I have the spare time to extract the attached script.
I have not look too deep into the script, but I have some suggestion: instead of remove the directory if already exists, I would instead just quit if it exist and assume it's already updated - Not everyone like
.
The OP's script, I suggest to run inside a container, jail or something, RUN AT YOUR OWN RISK.
#!/bin/sh
# Downloads the wiki and makes it nice for local usage, takes lots of time too.
# Works as intended on Debian Wheezy using the standard packages.
# Partially based off a command found on the wiki.
# Written by GhostlyDeath <
[email protected]>
# Current time
DATE="$(date +%F)"
# Make directory to put files in
WD="osdevwiki_$DATE"
rm -rf -- "$WD"
mkdir -- "$WD"
# Get files
# I added more special depths, because you get something like
# ./special%3arecentchangeslinked/johnburger%3ademo/exec/ints/debug.html
cd -- "$WD"
wget --mirror -k -p --reject '*=*,Special:*' --exclude-directories='Special:*,Special:*/*,Special:*/*/*,Special:*/*/*/*,Special:*/*/*/*/*,Special:*/*/*/*/*/*,Special:*/*/*/*/*/*/*' \
--user-agent="osdev-mirror, new and improved." --limit-rate=128k \
$(echo "Do not create host directory (i.e. example.com" > /dev/null) \
-nH \
$(echo "Always end in htm/html" > /dev/null) \
-E \
$(echo "Force Windows compatible file names" > /dev/null) \
--restrict-file-names=lowercase,windows,nocontrol,ascii \
$(echo "Actual wiki URL" > /dev/null) \
http://wiki.osdev.org/Main_Page
# Some browsers (like Firefox) get completely confused when there are files on the disk that have special
# symbols associated with them.

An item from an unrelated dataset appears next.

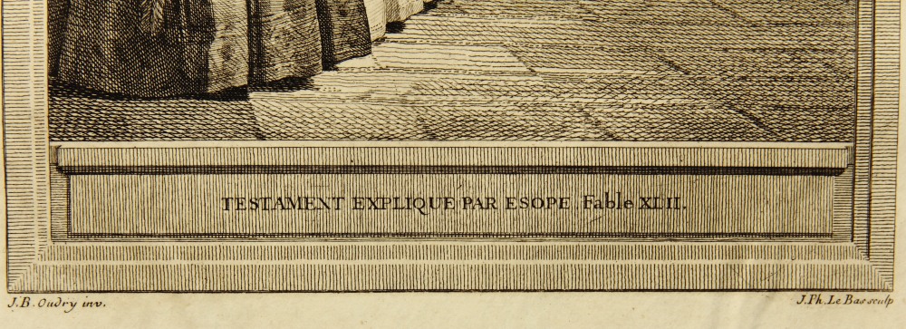 - Description: Illustration of a fable. After an original by Jean-Baptiste Oudry (1686 Paris – 1755 Beauvais). Titled in French in the illustration and signed in printing plate below.

So all of those links in HTML pages must be replaced in every single file
# with a gigantic sed script.
# Turn % to %25 because that is how it is used in the HTML code.
rm -f /tmp/$$.sed
find . -type f | grep '%[0-9a-fA-F][0-9a-fA-F]' | sed 's/^\.\///;s/%/%25/g' | while read line
do
# Need to change the old name, to the new name
# The old name also, needs to lose the . and / (confuses sed)
# Turn %25 to ___ to simplify the operation on the disk.
OLD="$(echo "$line" | sed 's/\([./]\)/\\\1/g')"
NEW="$(echo "$line" | sed 's/\([/]\)/\\\1/g;s/%25/___/g')"
echo "s/$OLD/$NEW/g" >> /tmp/$$.sed
done
# Go through all files again, and sed them (only web pages)
# This takes forever! Literally! At the time of this writing there are 1520 pages
# and if each one takes 1 second (on this atom at least) then it would take about
# 25 minutes for this to complete.
NF="$(find . -type f | grep '\.htm[l]\{0,1\}$' | wc -l)"
CC="0"
find . -type f | grep '\.htm[l]\{0,1\}$' | while read line
do
CC="$(expr $CC + 1)"
echo ".. $line ($CC of $NF)" 1>&2
sed -f "/tmp/$$.sed" < "$line" > /tmp/$$
mv /tmp/$$ "$line"
done
echo "Done" 1>&2
# Go through all files, and change every % to ___
# First rename directories
find . -type d | grep '%' | while read line
do
# Keep changing % to ___
CUR="$line"
while true
do
TO="$(echo "$CUR" | sed 's/%/___/')"
# If line has not changed, then done renaming
if [ "$TO" = "$CUR" ]
then
break
fi
# Rename
mv -v "$CUR" "$TO"
CUR="$TO"
done
done
# Now through all the files
find . -type f | grep '%' | while read line
do
TO="$(echo "$line" | sed 's/%/___/g')"
mv -v "$line" "$TO"
done
# Create an index html which just goes to main page (expanded_main_page.html)...
echo '
<html>
<head>
<title>Redirecting</title>
<meta http-equiv="refresh" content="0; url=expanded_main_page.html">
</head>
<body>
<a href="expanded_main_page.html">expanded_main_page.html</a>
</body>
</html>
' > index.html
# Any extra gunk
rm /tmp/$$ /tmp/$$.sed
# Go back out and archive it
cd ..
zip -r -9 "$WD.zip" "$WD"